THE SUIT Testico, 5 February 2014
The suit does not exist. It is still a dream, like the Bangkok suit I planned many years ago. Jean Genet, lice, sex in dark places, tanned skin, greasy hair, old leather sandals, a singlet and a dirty worn suit in faded orange silk. The thought was there. The design was there, and it was all about letting myself go. Destruction. Then the Paris suit. The market at Porte de Clignancourt. Perhaps I saw it there, a long time ago? The look of it has changed over the years. Now it is made in a heavy wool fabric in beige and pink tones, with a silhouette from the 1930s.

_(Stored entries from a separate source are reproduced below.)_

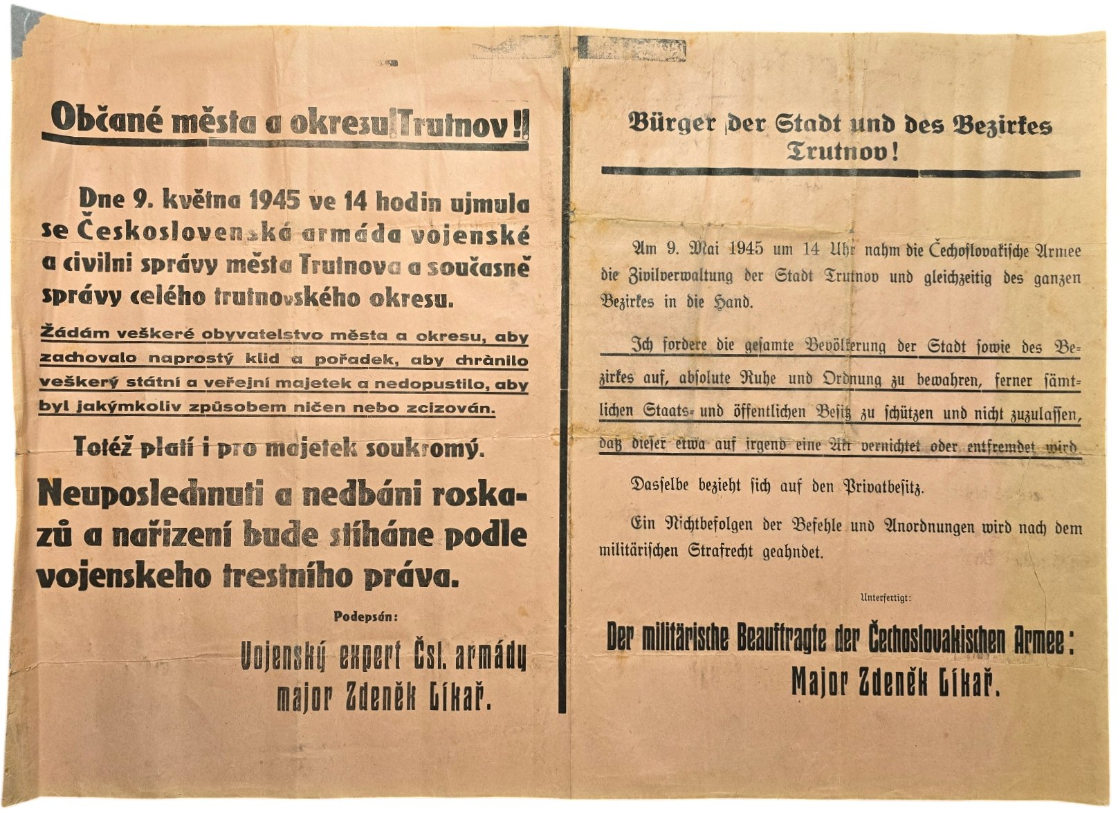 Original WW2 Czech Poster - Liberation of Trutnov, Czechoslovakia, Major Zdenek Likar (1945)Approximately 61 x 43 cm''Bürger der Stadt und des Bezirkes Trutnov!''Originele Wo2 Tsjechische Poster - Bevrijding van Trutnov,Tsjecho-Slowakije, Major Zdenek Likar (1945)Ongeveer 61 x 43 cm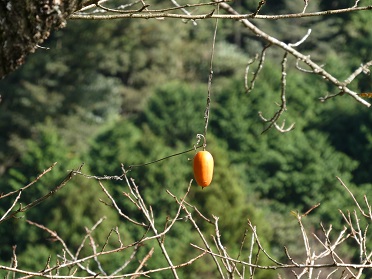 たまたま、ちょうどいい具合に枝からぶら下がっているカラスウリを見つけたので撮ってみました。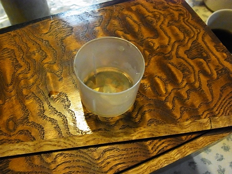 早速、煙草盆の修理に取り掛かりました。背面下部の底板の小口を隠すケヤキの薄い板が剥がれていた物を、多分製作当時にも使ったであろうと思われる「ニカワ」で接着します。ニカワは棒状のニカワを細かくカットし水でふやかした後に湯煎で加熱して溶かすという、手間のかかる接着剤ですが、ここはオリジナル状態を保つためにあえて使いました。だって酢酸ビニル系の木工ボンドじゃねぇ・・・クランプで固定して接着中です。それにしても美しいケヤキです。いまどき、このような材はいくらするものだか・・・。接着がすみ修理完了です。透かし彫りがあり小引き出しが2個あります。ネットで調べても見かけない作りです。表面は透きうるし処理のようです。左の木箱状のものは、銅製の火箱の灰が飛ばないためのカバーのようです。これは桐製でした。そして竹筒は灰吹きというもので、吸い終って火の消えた灰を捨てるところです。手前の蓋付の部分は、多分刻み煙草が入っていたものと思われます。ただ、わからないのが火箱の後ろ側にスリット状のポケットのような部分があり、そこは何に使ったものか不明です。驚いたのは小引き出しの縁取りです。小口が見えないように、盆本体にも施してある黒い薄い板ですが、どうやら黒柿の薄い板を接着してあるようです。汚れを落としていたら木目が現れ、木製であることに気がつきました。ケヤキ、黒柿、内部のヒノキ、桐・・・4種の木材から出来上がっています。民具とはいえ、すばらしいものですね。使うわけにもいかず、リビングでディスプレーしてあります。にほんブログ村ブログランキング参加中です。上のボタンをポチッとクリックお願いします!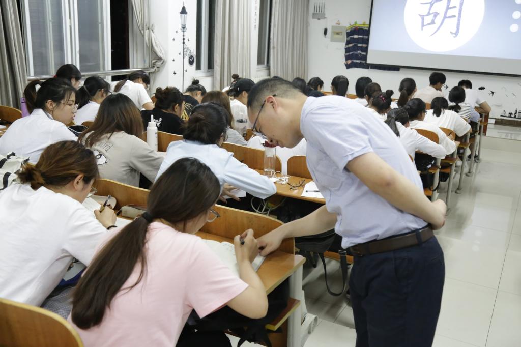 培训会上,王正石老师围绕如何提高书写技能,从书写基础、方法和要求三方面进行了详细讲解。他指出:基本功练习的最佳方法就是临帖,通过学习前人优秀的作品,感知其中所蕴含的书法知识。此外,他还对书写工整、美观字体的技法与技巧以及如何使书法作品内容与形式完美结合进行详细的讲解。讲解过后,王老师对个别同学的作品进行点评与指导并对同学们提出的问题进行逐一解答,其幽默诙谐、通俗易懂的解说赢得了同学们的阵阵掌声。最后,王老师为同学们书写“学无止境”四字,勉励同学们坚持练习,学习中华优秀传统文化,尽快提高从教技能和艺术修养。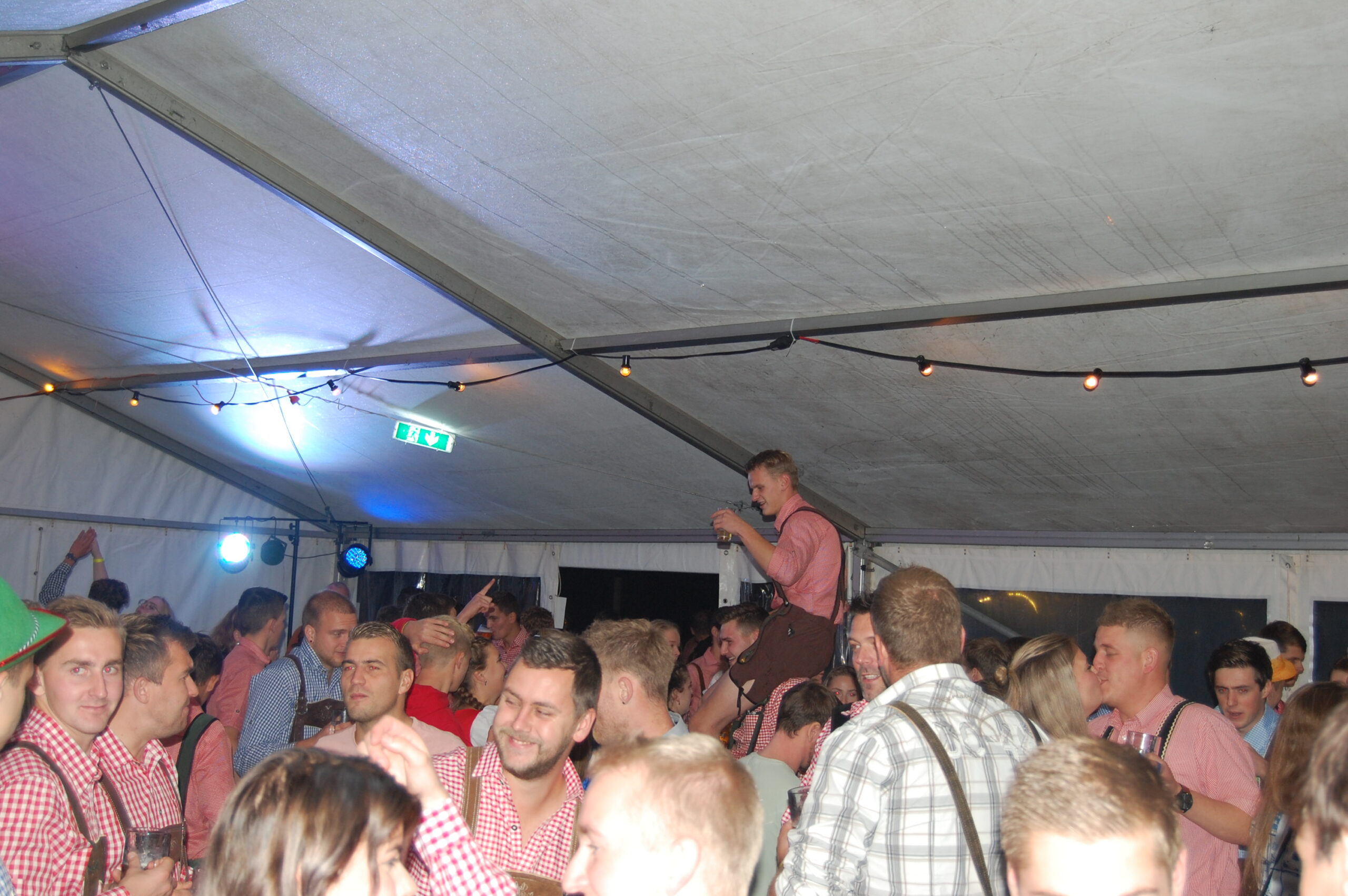 De voorbereidingen waren al maanden in volle gang. Winanda, Naomi en Anne-Marein waren de meiden die dit gingen organiseren, en we kunnen wel zeggen dat ze dit met veel succes hebben gedaan. Mede dankzij een aantal sponsoren en een hele goede kaartverkoop konden we een grote tent laten zetten en het echte Oktoberfest-gevoel beleven. Tijdens de controles die we kregen van politie en gemeente bleek dat de dames zich goed voorbereid hadden en geen commentaar kregen. Altijd een fijn gevoel als alles klopt.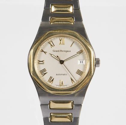 Automatikwerk, water-resistant bis 100 Meter. Zifferblatt mit applizierten goldenen römischen Zahlen, Datum-Fenster, große Sekunde, Zeiger mit Leuchtmasse, Original-Armband mit Doppelfaltschließe. Original-Box, Karton, drei Broschüren mit Gebrauchsanweisung, Garantieheft

The motivation for becoming a tailor was the need to learn a craft. I wanted to make something with my hands. When I was accepted at the tailoring school, I didn’t know much about it. I remember saying the first day in class that I didn’t think it would involve so much stitching by hand. The hand stitching is an essential part of making a suit. Of course. But I didn’t know.
My interest in clothes and fashion was in a strange way separate from the tailoring for a long time. I didn’t experiment much with making other kinds of garments. I remember I thought of sewing a T-shirt as a technical obstacle – where to start? – while making a suit was something I did without hesitation.
The transferral of a woven fabric to a three-dimensional form never really became clear to me, and the teachers didn’t talk much about the body. I ended up becoming quite good at details, pockets and stitching, but the total fit of the garments was a challenge.
Sewing and daydreaming, as time passed in school. I was slow, compared to the standards of the guild. I knew it, but I tried over and over again to get it right, until I stopped sewing 20 years ago.